__Try it__
Set every record down verbatim and omit the pictures.

┌─ Dataset records

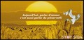 Bales of wheat in a yellow field with a pair of white socks floating against a yellow sunset representing an advertisement for safe sex; French version of a series of 'Stop SIDA' [Stop AIDS] campaign posters by the Federal Office of Public Health, in collaboration with l'Aide Suisse contre le SIDA. Colour lithograph.
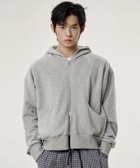 에센셜 코튼 후드 집업 - 그레이
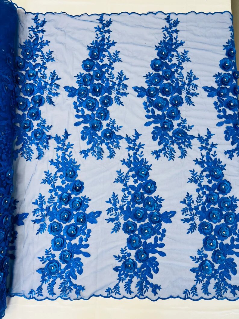 3D Floral Design Embroider and Beaded With Rhinestones on a Mesh Lace-Prom-Fashion-Sold by Yard. Royal
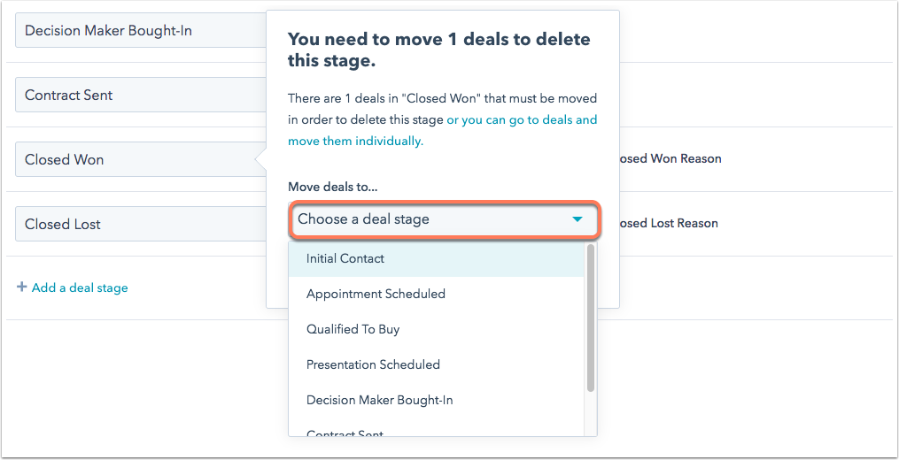 - If you're deleting a deal stage that contains at least one deal, you'll be prompted to move these existing deals to another stage. Click the Choose a deal stage dropdown menu to select the stage the deals should be moved to.
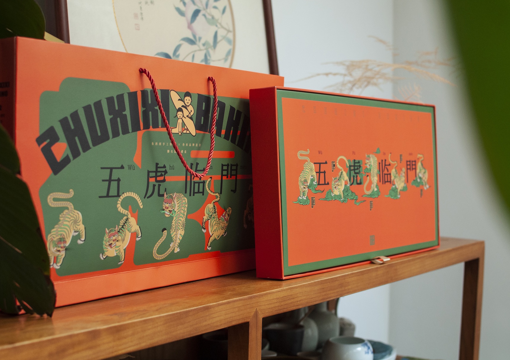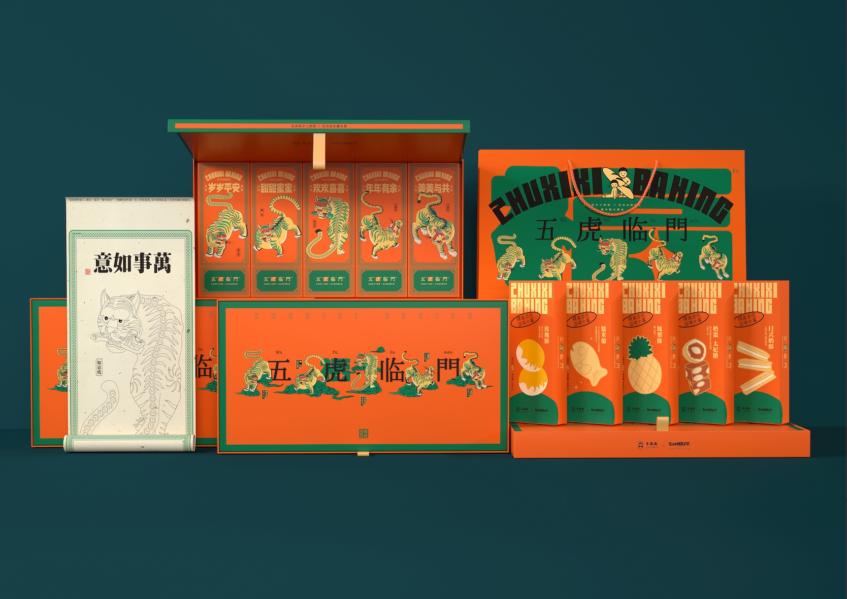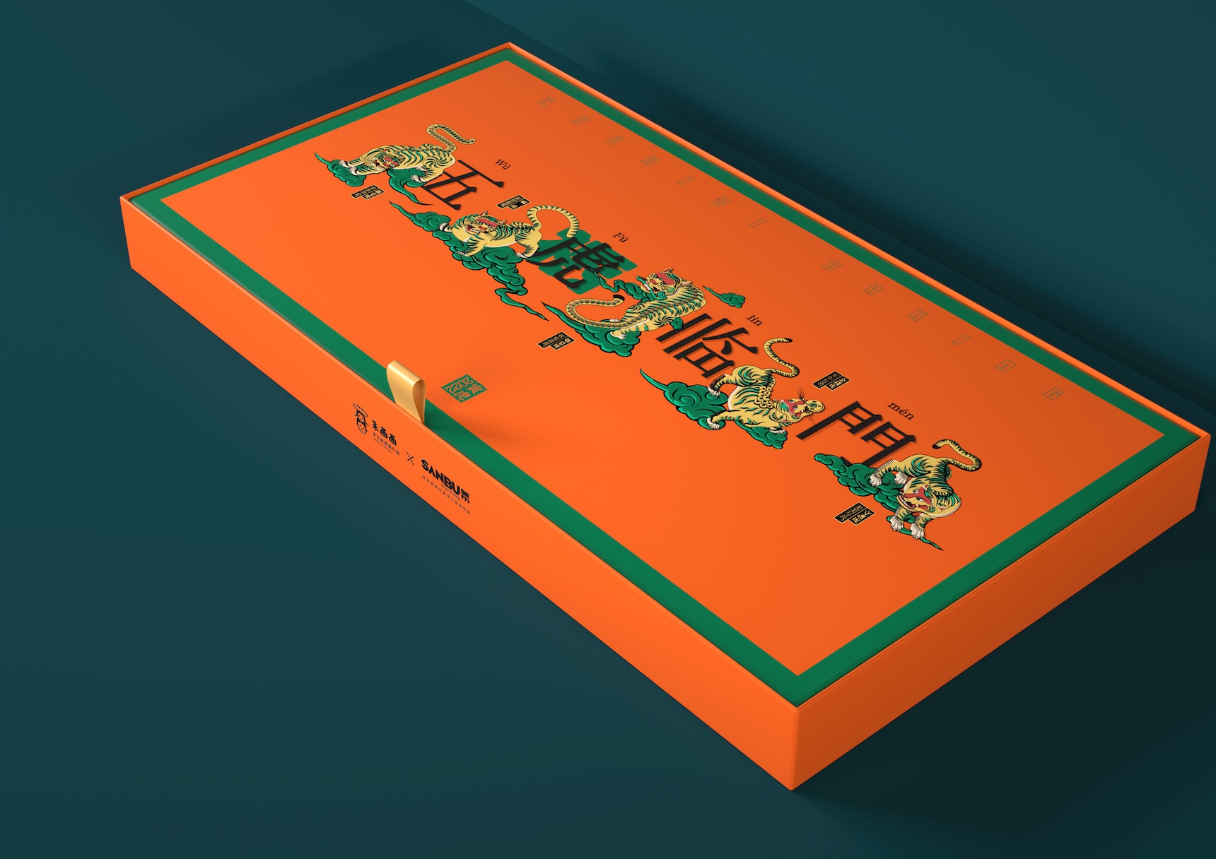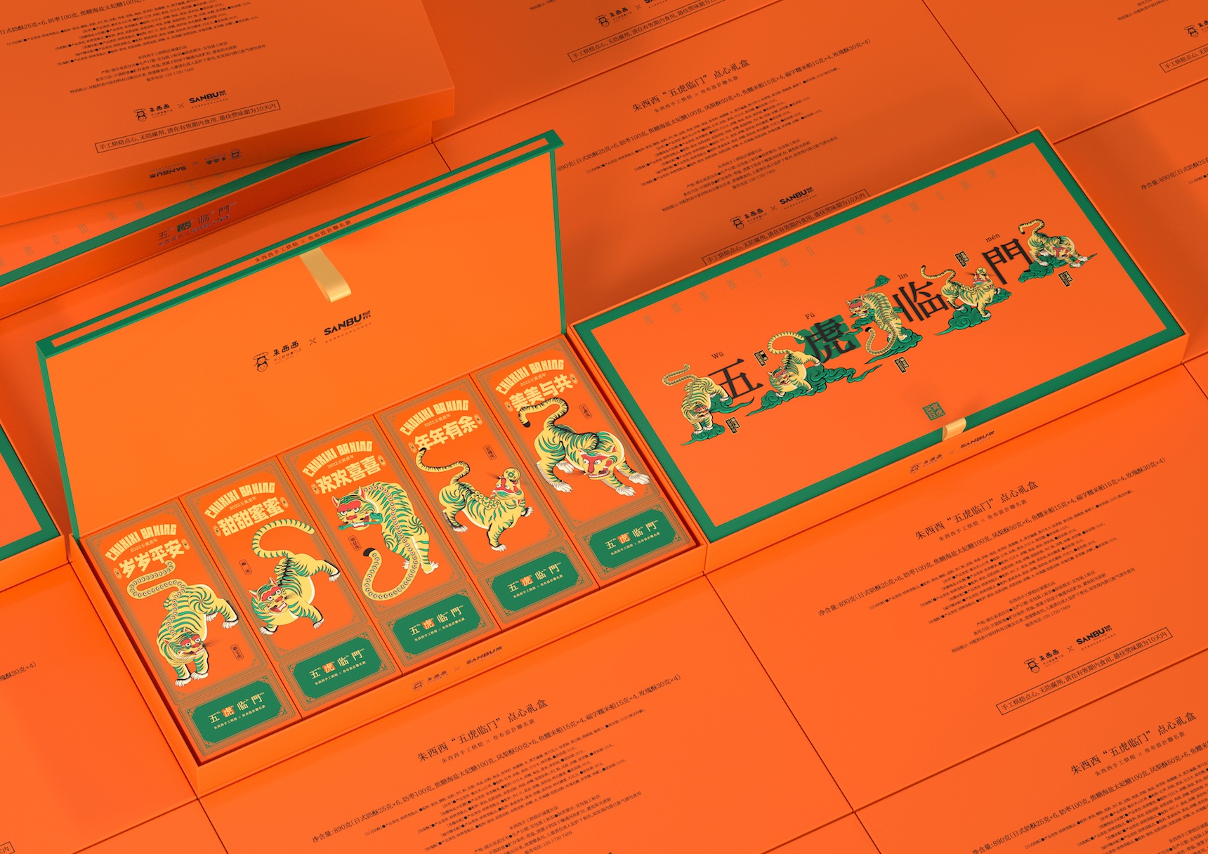 中国农历虎年2022即将到来,品牌方需要一款既能表达中国传统文化,又具有时尚气息的高端点心礼盒。设计师利用中文“虎”和“福”相近的读音,用五只老虎表达“五福临门”(中国成语,常用来表达祝福),老虎作为中国传统文化“十二生肖”中的一个,用具象的老虎表达“虎年”直接又吉祥,从而达到双倍的新年祝福。设计师把礼盒设计成横长条形,盖子内嵌入底盒里,如同一个画框一般,让这个盒子可以作为装饰画使用,让包装有二次利用的机会,减少浪费,同时在盒子里有一张线稿的老虎图,人们可以与自己的家人、朋友一起为老虎涂色,增强人物间的互动,达到情感互动的效果,涂好色的图可作为挂画永久保留。同时这款礼盒中的产品采用手工烘焙制作而成,为保证出品质量,限量500盒供应,需要预定才能购买,更强调礼盒的珍贵,在中国新年到来之际,也寓意了亲情、友情的珍贵。

└─

__Your solution__
 Bales of wheat in a yellow field with a pair of white socks floating against a yellow sunset representing an advertisement for safe sex; French version of a series of 'Stop SIDA' [Stop AIDS] campaign posters by the Federal Office of Public Health, in collaboration with l'Aide Suisse contre le SIDA. Colour lithograph.
 에센셜 코튼 후드 집업 - 그레이
 3D Floral Design Embroider and Beaded With Rhinestones on a Mesh Lace-Prom-Fashion-Sold by Yard. Royal
 - If you're deleting a deal stage that contains at least one deal, you'll be prompted to move these existing deals to another stage. Click the Choose a deal stage dropdown menu to select the stage the deals should be moved to.
 中国农历虎年2022即将到来,品牌方需要一款既能表达中国传统文化,又具有时尚气息的高端点心礼盒。设计师利用中文“虎”和“福”相近的读音,用五只老虎表达“五福临门”(中国成语,常用来表达祝福),老虎作为中国传统文化“十二生肖”中的一个,用具象的老虎表达“虎年”直接又吉祥,从而达到双倍的新年祝福。设计师把礼盒设计成横长条形,盖子内嵌入底盒里,如同一个画框一般,让这个盒子可以作为装饰画使用,让包装有二次利用的机会,减少浪费,同时在盒子里有一张线稿的老虎图,人们可以与自己的家人、朋友一起为老虎涂色,增强人物间的互动,达到情感互动的效果,涂好色的图可作为挂画永久保留。同时这款礼盒中的产品采用手工烘焙制作而成,为保证出品质量,限量500盒供应,需要预定才能购买,更强调礼盒的珍贵,在中国新年到来之际,也寓意了亲情、友情的珍贵。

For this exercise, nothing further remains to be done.